Reforma da Previdência: Aposentados, Pensionistas e Beneficiários numa vala comum, por Mailson Silva

Com o argumento de trazer mais emprego ao povo brasileiro, a Reforma Trabalhista foi aprovada no Congresso Nacional com grande folga. É grande o retrocesso imposto por esta reforma, no que se refere aos direitos dos trabalhadores. O que observamos é o aumento da taxa de desemprego e a precarização do trabalho. Agora a pauta é a aprovação da Reforma da Previdência que segue na retirada de direitos conquistados.

A Reforma da Previdência segue com o mesmo discurso utilizado na Reforma Trabalhista para ganhar defensores. Sua consequência é ainda mais grave. Para entender a gravidade de tal reforma, precisamos primeiro ter uma compreensão do que é a previdência. Pelo dicionário, “ato de prever”, uma forma de evitar antecipadamente determinadas situações ou transtornos indesejados. No âmbito econômico, precaver. Instituições foram criadas para garantir a sobrevivência financeira do trabalhador quando idosos ou em situações de invalidez.

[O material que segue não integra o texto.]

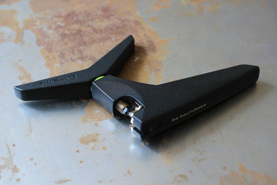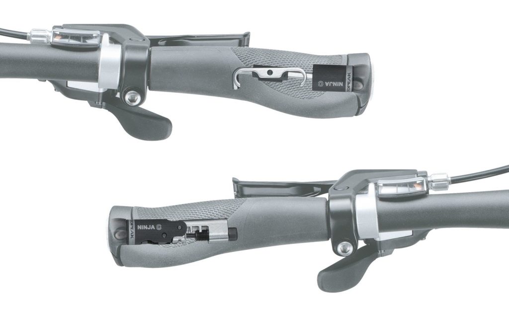 Alat yang tidak biasa. Pegangan pemerasan secara bersamaan bertindak sebagai busi kemudi (cocok untuk roda kemudi dengan diameter minimum 16,5 mm, maksimum 20 mm). Cocok untuk mengganti dan memperbaiki bahan habis pakai pada sepeda berkecepatan tinggi (Campagnolo - 11) Ditambah kompartemen untuk pin, pengait, dan kunci hex 4 mm.
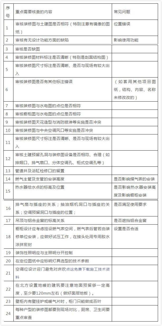 工程部、设计部必须对各专业图纸认真核查。目的是达到了解设计意图,熟悉施工图纸,发现其中可能存在的问题,以便在设计技术交底和图纸会审时提出,并加以解决,确保施工顺利。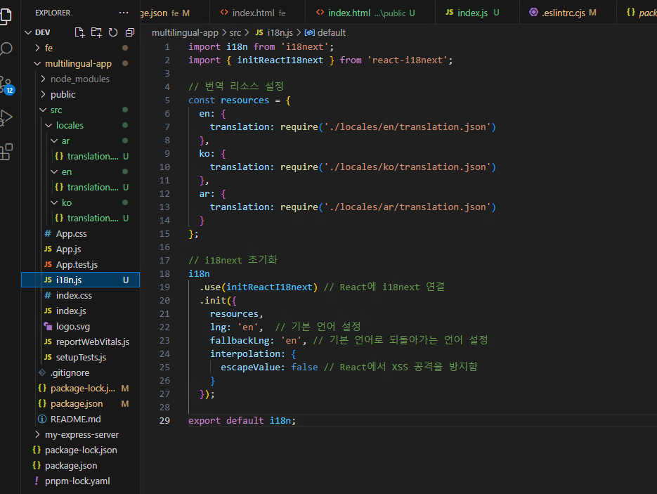 src/i18n.js 파일을 생성하고 위에서 설명한 코드대로 i18next를 초기화합니다. 이 파일은 번역 리소스를 로드하고 기본 언어 및 Fallback 언어를 설정합니다.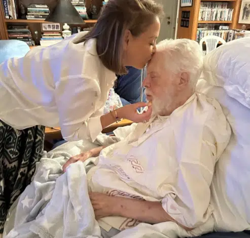 A produtora e atriz Júlia Almeida, filha de Manoel Carlos, usou as redes sociais para homenagear o pai, que morreu no último sábado, 10, aos 92 anos. A publicação, feita nesta segunda-feira, 12, no perfil oficial da produtora Boa Palavra, mostra Júlia beijando a testa do autor.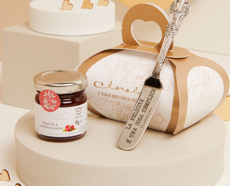 Un’idea raffinata e golosa per celebrare momenti speciali: la bomboniera Claraluna con marmellata Frutti di bosco da 40 g, accompagnata da un elegante coltellino inciso. Questo set esclusivo unisce il gusto della crema alla nocciola con la praticità di un coltellino, ideale per essere gustata durante le colazioni o le merende. Perfetta per matrimoni, battesimi, comunioni e altre celebrazioni.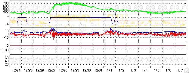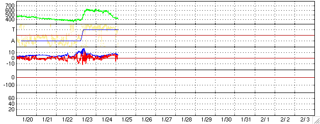 ACEが観測した太陽風の磁場(1番上の枠、白線は全体の強度、赤線は南北成分) および、太陽風の密度(3番目の橙線)、速度(4番目の黄線) (c) NOAA/SEC ![]() 27日の太陽周期に合わせたデータプロット (太陽風版) 太陽が同じ面を地球に向けていた27日前の変化から、今後を予想することができます。 (c) NICT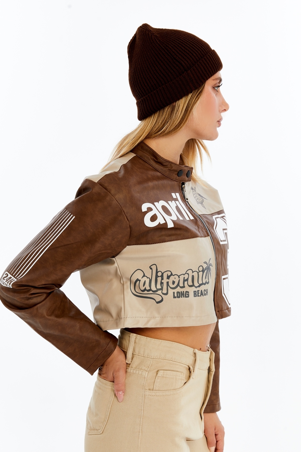 Kadın Crop Deri Ceket – Renkli Baskılı Motorcu Stil Mont - Kısa Ceket Çok Renkli Mont - Hakim Yaka

A proposta do governo para a previdência representa uma série de dificuldades, colocando o trabalhador distante de alcançar sua segurança financeira futura. Além de aumentar a idade mínima para aposentadoria, os empresários deixarão de pagar a sua contrapartida, o que onera mais o trabalhador e livra o patrão de mais uma obrigação. Hoje, o empregado contribui com até 11% de sua remuneração com o INSS e os empresários contribuem com cerca de 20%.

Outra questão é a quebra do princípio do mutualismo, no qual os trabalhadores ativos contribuem para manter as aposentadorias dos inativos, ou seja, uma completa mudança na essência da previdência brasileira, quebrando o seu propósito da natureza social. O fim da colaboração, para um modelo individual. A partir da aprovação da reforma, o trabalhador receberá exatamente o que “investiu”, seguindo as regras de um regime de capitalização, semelhante a previdência privada.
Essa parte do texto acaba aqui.